School of Clinical Dentistry, 19 Claremont Crescent, University of Sheffield, Sheffield S10 2TA, UK; Department of Chemistry, Brook Hill, University of Sheffield, Sheffield S3 7HF, UK.
School of Clinical Dentistry, 19 Claremont Crescent, University of Sheffield, Sheffield S10 2TA, UK.
J Control Release. 2022 Oct;350:146-157. doi: 10.1016/j.jconrel.2022.08.016. Epub 2022 Aug 18.

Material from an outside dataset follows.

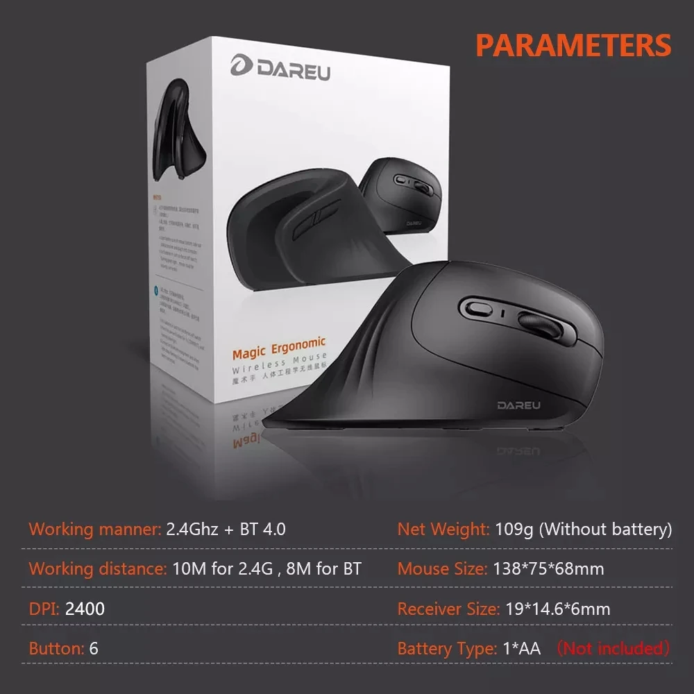 Comprar DAREU Bluetooth 2,4G ratón inalámbrico silencioso modo Dual ergonómico ratón para juegos silencioso para PC Macbook portátil Gamer

Chronic ulcerative oral mucosal inflammatory diseases, including oral lichen planus and recurrent aphthous stomatitis, are painful and highly prevalent, yet lack effective clinical management. In recent years, systemic biologic therapies, including monoclonal antibodies that block the activity of cytokines, have been increasingly used to treat a range of immune-mediated inflammatory conditions such as rheumatoid arthritis and psoriasis. The ability to deliver similar therapeutic agents locally to the oral epithelium could radically alter treatment options for oral mucosal inflammatory diseases, where pro-inflammatory cytokines, in particular tumour-necrosis factor-α (TNFα), are major drivers of pathogenesis. To address this, an electrospun dual-layer mucoadhesive patch comprising medical-grade polymers was investigated for the delivery of F(ab) biologics to the oral mucosa. A fluorescent-labelled F(ab) was incorporated into mucoadhesive membranes using electrospinning with 97% v/v ethanol as a solvent. The F(ab) was detected within the fibres in aggregates when visualised by confocal microscopy. Biotinylated F(ab) was rapidly eluted from the patch (97 ± 5% released within 3 h) without loss of antigen-binding activity. Patches applied to oral epithelium models successfully delivered the F(ab), with fluorescent F(ab) observed within the tissue and 5.1 ± 1.5% cumulative transepithelial permeation reached after 9 h. Neutralising anti-TNFα F(ab) fragments were generated from whole IgG by papain cleavage, as confirmed by SDS-PAGE, then incorporated into patches. F(ab)-containing patches had TNFα neutralising activity, as shown by the suppression of TNFα-mediated CXCL8 release from oral keratinocytes cultured as monolayers. Patches were applied to lipopolysaccharide-stimulated immune-competent oral mucosal ulcer equivalents that contained primary macrophages. Anti-TNFα patch treatment led to reduced levels of active TNFα along with a reduction in the levels of disease-implicated T-cell chemokines (CCL3, CCL5, and CXCL10) to baseline concentrations. This is the first report of an effective device for the delivery of antibody-based biologics to the oral mucosa, enabling the future development of new therapeutic strategies to treat painful conditions.
慢性溃疡性口腔黏膜炎症性疾病,包括口腔扁平苔藓和复发性阿弗他口炎,疼痛剧烈且普遍存在,但缺乏有效的临床治疗方法。近年来,包括阻断细胞因子活性的单克隆抗体在内的全身性生物疗法已越来越多地用于治疗类风湿关节炎和银屑病等一系列免疫介导的炎症性疾病。能够将类似的治疗剂局部递送至口腔上皮,可能会彻底改变口腔黏膜炎症性疾病的治疗选择,其中促炎细胞因子,特别是肿瘤坏死因子-α(TNFα),是发病机制的主要驱动因素。为了解决这个问题,研究了一种由医用级聚合物组成的双层静电纺丝粘膜粘附贴片,用于将 F(ab)生物制剂递送至口腔黏膜。通过静电纺丝将荧光标记的 F(ab)用 97%v/v 乙醇作为溶剂掺入粘膜粘附膜中。共聚焦显微镜观察显示,纤维内的 F(ab)呈聚集状态。生物素化的 F(ab)从贴片中迅速洗脱(3 小时内释放 97±5%),且抗原结合活性无损失。贴片应用于口腔上皮模型,成功递递了 F(ab),组织内观察到荧光 F(ab),9 小时后达到 5.1±1.5%的累积跨上皮渗透。通过木瓜蛋白酶切割从全 IgG 生成中和抗 TNFα F(ab)片段,SDS-PAGE 确认,然后将其掺入贴片。含 F(ab)的贴片具有 TNFα 中和活性,这表现为抑制 TNFα 介导的单层培养的口腔角质形成细胞释放 CXCL8。贴片应用于含有原代巨噬细胞的脂多糖刺激的免疫活性口腔黏膜溃疡等效物。抗 TNFα 贴剂治疗可降低活性 TNFα 的水平,并使与疾病相关的 T 细胞趋化因子(CCL3、CCL5 和 CXCL10)的水平降低至基线浓度。这是将基于抗体的生物制剂递送至口腔黏膜的有效装置的首次报道,为治疗疼痛性疾病的新治疗策略的发展奠定了基础。